== Task to complete ==
Print exactly the lines from the one that contains "지난 10년 동안 후원금은" through the final line of the entries below, both included, and nothing else; omit the pictures.

== Data supplied ==
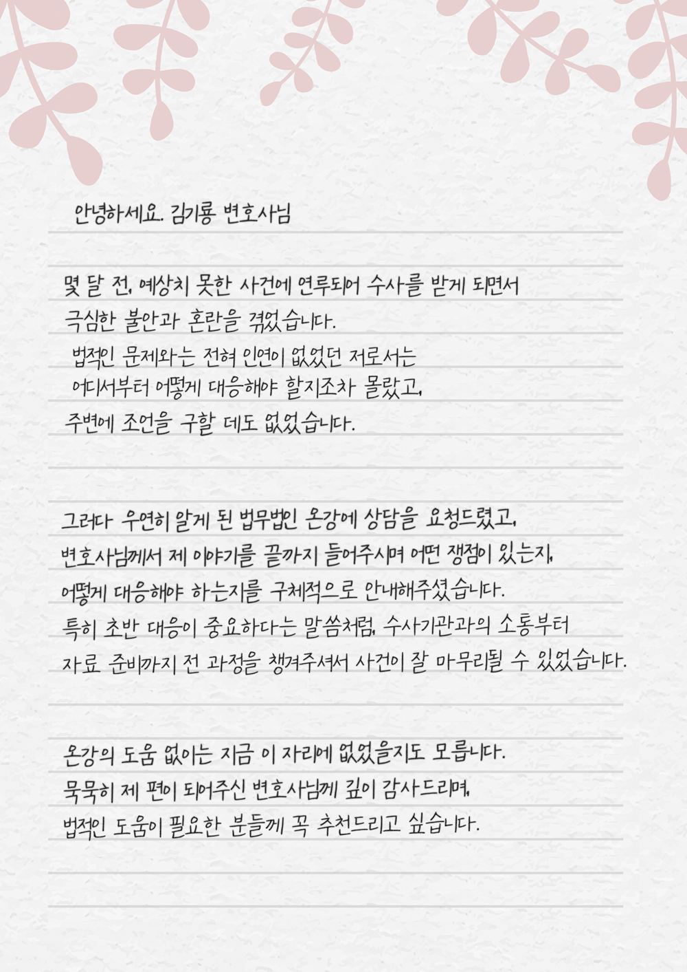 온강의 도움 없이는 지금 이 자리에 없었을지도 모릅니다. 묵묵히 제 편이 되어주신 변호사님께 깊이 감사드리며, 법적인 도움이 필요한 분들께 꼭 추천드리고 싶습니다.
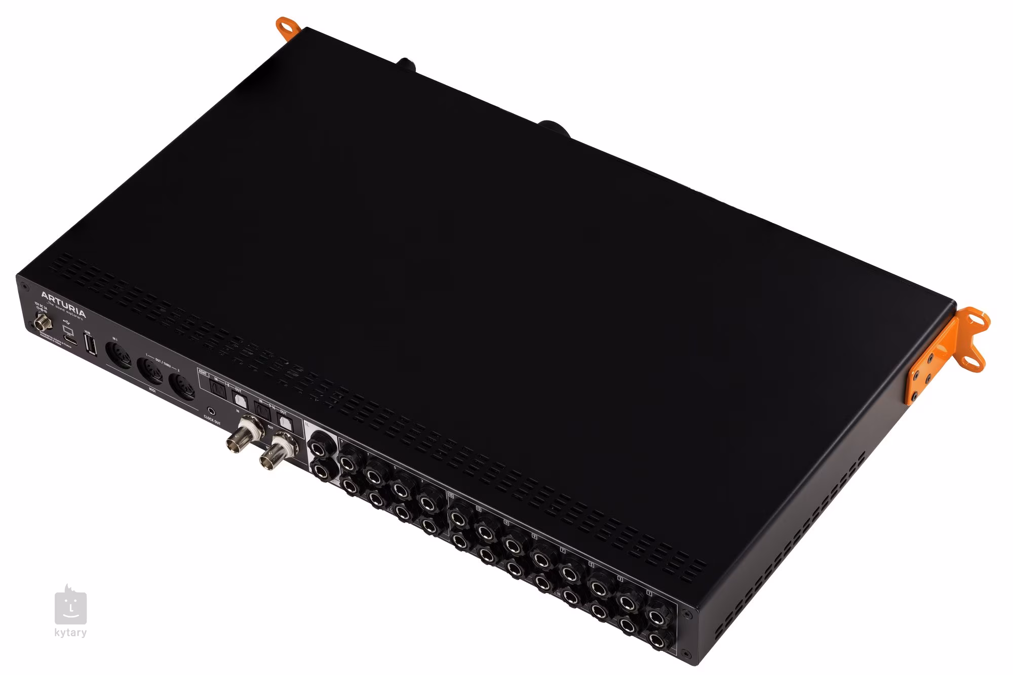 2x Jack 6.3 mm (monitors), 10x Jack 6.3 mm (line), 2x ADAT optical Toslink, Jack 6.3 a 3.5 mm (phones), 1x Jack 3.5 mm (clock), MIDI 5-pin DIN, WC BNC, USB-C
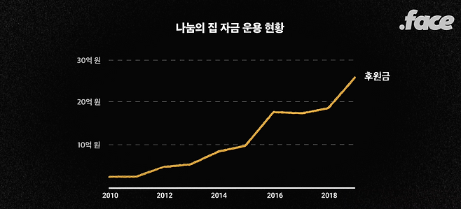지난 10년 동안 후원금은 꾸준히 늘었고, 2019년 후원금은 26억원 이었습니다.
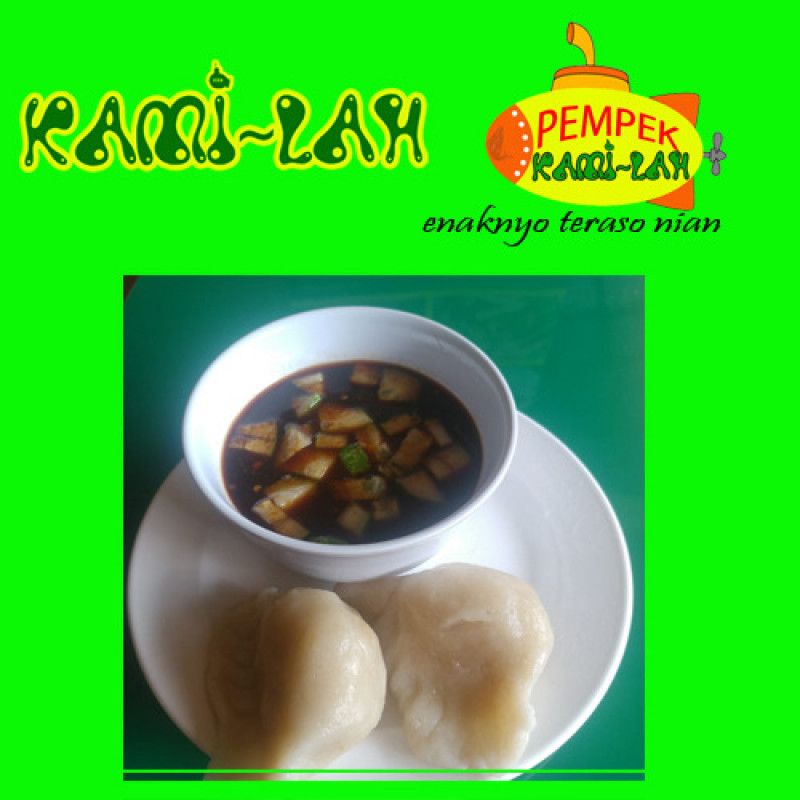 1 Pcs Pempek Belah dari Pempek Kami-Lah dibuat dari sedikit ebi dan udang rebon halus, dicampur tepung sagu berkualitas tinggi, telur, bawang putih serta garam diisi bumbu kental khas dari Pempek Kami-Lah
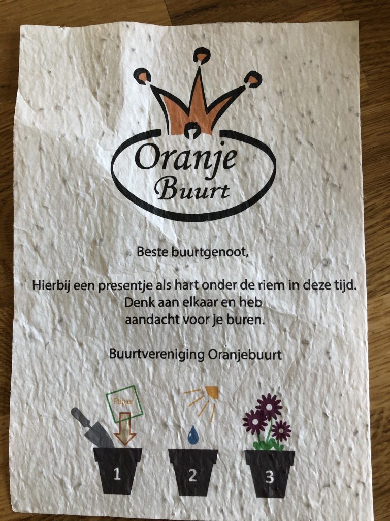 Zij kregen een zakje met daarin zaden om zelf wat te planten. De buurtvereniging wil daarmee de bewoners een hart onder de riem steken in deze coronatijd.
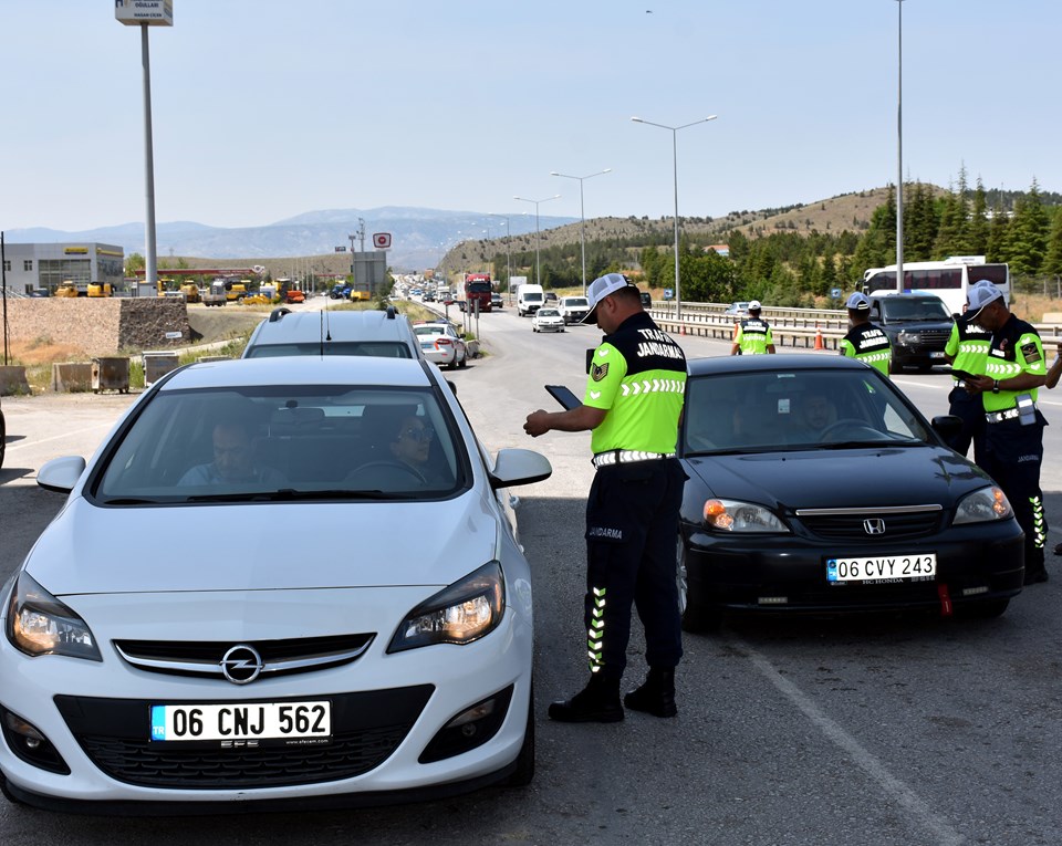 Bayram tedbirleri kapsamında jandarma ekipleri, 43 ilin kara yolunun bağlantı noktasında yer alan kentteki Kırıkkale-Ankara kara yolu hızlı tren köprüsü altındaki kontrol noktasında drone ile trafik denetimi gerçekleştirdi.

== Problem solution ==
지난 10년 동안 후원금은 꾸준히 늘었고, 2019년 후원금은 26억원 이었습니다.
 1 Pcs Pempek Belah dari Pempek Kami-Lah dibuat dari sedikit ebi dan udang rebon halus, dicampur tepung sagu berkualitas tinggi, telur, bawang putih serta garam diisi bumbu kental khas dari Pempek Kami-Lah
 Zij kregen een zakje met daarin zaden om zelf wat te planten. De buurtvereniging wil daarmee de bewoners een hart onder de riem steken in deze coronatijd.
 Bayram tedbirleri kapsamında jandarma ekipleri, 43 ilin kara yolunun bağlantı noktasında yer alan kentteki Kırıkkale-Ankara kara yolu hızlı tren köprüsü altındaki kontrol noktasında drone ile trafik denetimi gerçekleştirdi.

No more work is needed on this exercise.